Task to complete »
Where the line containing "Form designed by" appears in the records below, begin there and repeat each line exactly through the final one, dropping all pictures.
Start of Input records
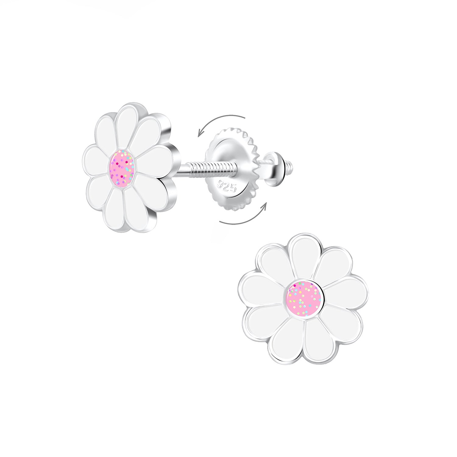 Bidstrup Sølv Børne Ørering med Hvid Blomst Skruelås 10009245
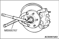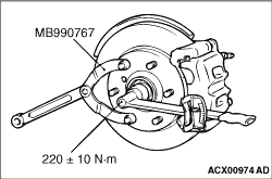 Using special tool front hub and flange yoke holder (MB990767), tighten the axle nut. At this time, tighten the axle nut to the specified torque in expectation of final tightening.
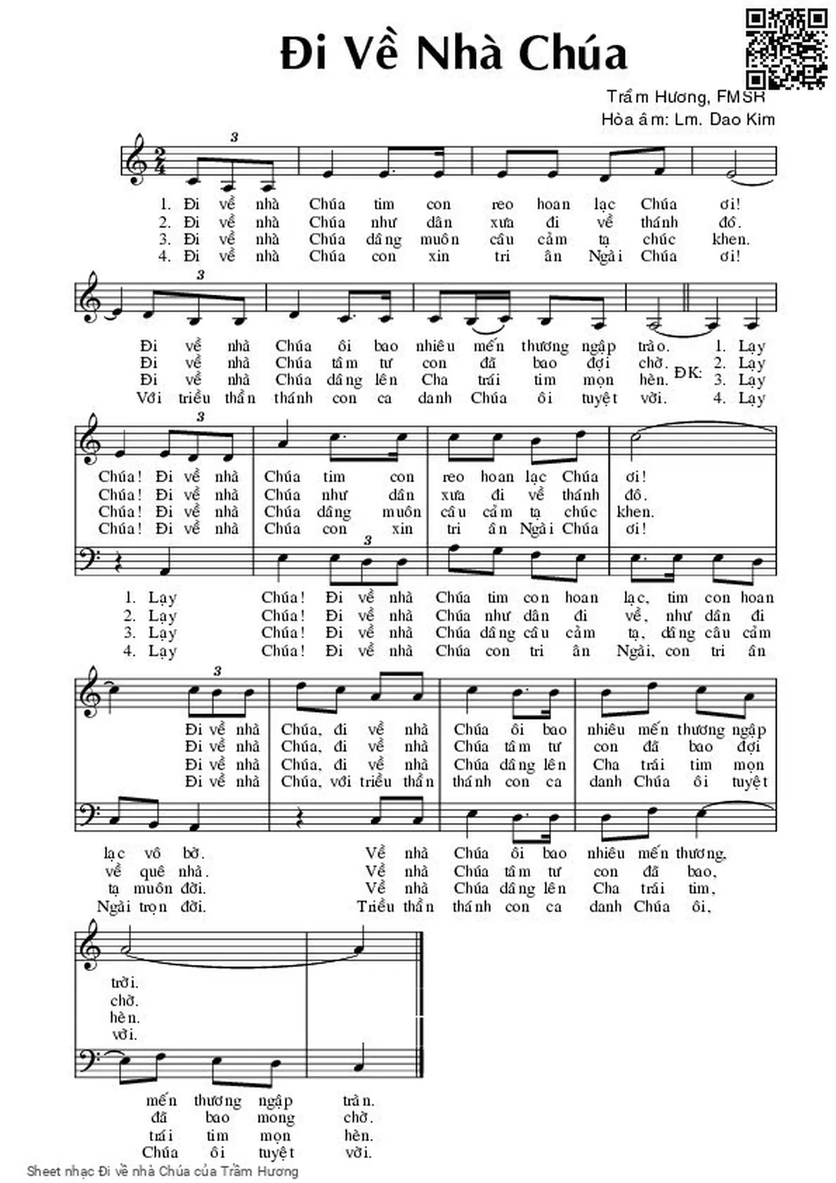 Trầm Hương Đi về nhà Chúa tim con reo hoan lạc Chúa ơi [PDF] [Sheet] [Lời H.A] [Mp4/Midi]
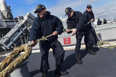 | Keywords: navy mediterranean uss carney usscarney ddg 64 ddg64 cne-c6f cnec6f sixth fleet sixthfleet outdoor 160308-N-FP878-166 PALMA DE MALLORCA, Spain (March 8, 2016) Sailors heave a line aboard USS Carney (DDG 64) while mooring in Palma De Mallorca, Spain March 8, 2016. Carney, an Arleigh Burke-class guided-missile destroyer, forward deployed to Rota, Spain, is conducting a routine patrol in the U. S. 6th Fleet area of operations in support of U.S. national security interests in Europe. (U.S. Navy photo by Mass Communication Specialist 1st Class Theron J. Godbold/Released) 160308-N-FP878-166 PALMA DE MALLORCA, Spain (March 8, 2016) Sailors heave a line aboard USS Carney (DDG 64) while mooring in Palma De Mallorca, Spain March 8, 2016. Carney, an Arleigh Burke-class guided-missile destroyer, forward deployed to Rota, Spain, is conducting a routine patrol in the U. S. 6th Fleet area of operations in support of U.S. national security interests in Europe. (U.S. Navy photo by Mass Communication Specialist 1st Class Theron J. Godbold/Released) |
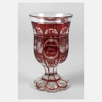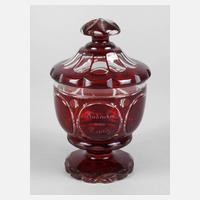 1. Hälfte 19. Jh., klares Glas, rot gebeizt, facettiert mit feinem Mattschliff, eine florale Kartusche mit Inschrift: verlängere dein Leben, desweiteren symbolistischen Darstellungen Gesundheit, Glück, Freude, Freiheit, Hoffnung, Frohsinn und Vergnügen, ein minimalster Oberflächenchip, sonst gute originale Erhaltung, H 16,5 cm.
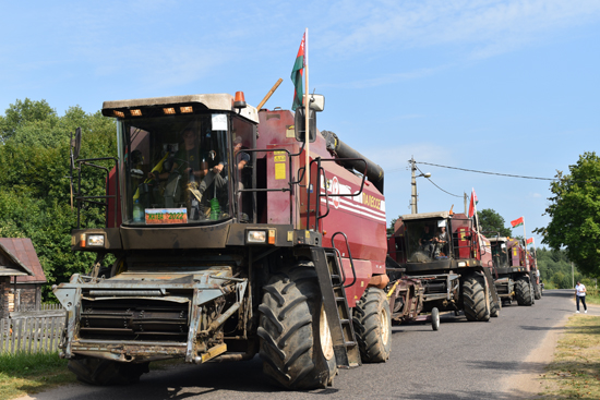 Техника выстроилась в колонну. Четыре красных гомсельмашевских «Палесся» выдвинулись в путь.
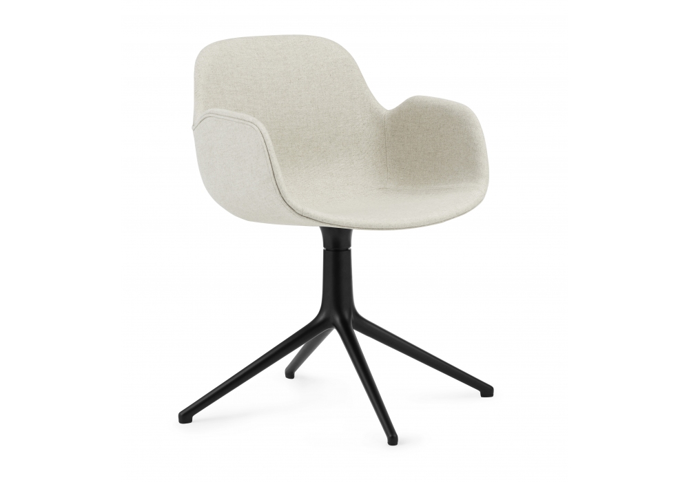 Form designed by Simon Legald for Normann Copenhagen is a swivel armchair with aluminium base and upholstery in fabric. The new swivel base in cool aluminium gives the Form armchair masculine and exclusive look as well as comfortable freedom of movement, making the chair eminently suitable for places like conference rooms and restaurants. Available in different finishes and two versions.
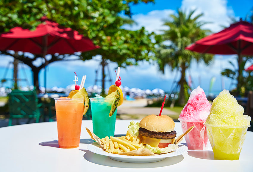 ハンバーガーやホットドッグ、かき氷など、ビーチやプールで遊ぶ合い間に気軽にお楽しみください。
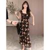 Early summer new pink suspender floral dress casual women's summer French temperament premium hip-wrapped dress
End of Input records
Answer box »
 Form designed by Simon Legald for Normann Copenhagen is a swivel armchair with aluminium base and upholstery in fabric. The new swivel base in cool aluminium gives the Form armchair masculine and exclusive look as well as comfortable freedom of movement, making the chair eminently suitable for places like conference rooms and restaurants. Available in different finishes and two versions.
 ハンバーガーやホットドッグ、かき氷など、ビーチやプールで遊ぶ合い間に気軽にお楽しみください。
 Early summer new pink suspender floral dress casual women's summer French temperament premium hip-wrapped dress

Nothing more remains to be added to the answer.